Pero no lo era, los constantes desvíos, algunos pocos encuentros con otras caravanas y los puntos de revisión de la armada Aztlana le golpeaban con la dura realidad.

Los automóviles de uso militar y las carretas adosadas a estos se movían moderadamente en dirección al suroeste, a aquel lugar al que Bernard Du Tellier no quería regresar aún.

 Marsella… 

Era ese ex-principado que representaba todo sus miedos, aquel pasado que quería enterrar en lo más profundo de su ser, a donde la corte de los milagros se había mudado. Su reina, como madre amante y responsable, les había dirigido hasta un  punto seguro aún dentro de Francia; Marsella que, bajo la protección aztlana, se levantaba fuerte y con cierta independencia se convertiría en la nueva capital de los verdaderos ciudadanos Franceses.

Vichy, su rey cobarde y el nuevo régimen de virreinato Aztlán podían irse al carajo.

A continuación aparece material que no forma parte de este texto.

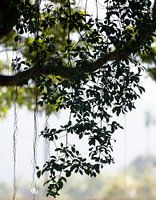 Een tak met kleinere zijtakjes en veel kleine blaadjes die als een sluier naar beneden hangen. Een botanische plaat met veel groen.

Pero en el fondo de aquel corazón joven de Bernard había algo que le pedía regresara por donde había venido. Era aquello el miedo a enfrentarse a su pasado; sonriente, como de costumbre disfrazando sus propios sentimientos repugnantes y cobardes, miró a Alice sentada frente a él con uno de los niños del orfanato recostado en sus piernas.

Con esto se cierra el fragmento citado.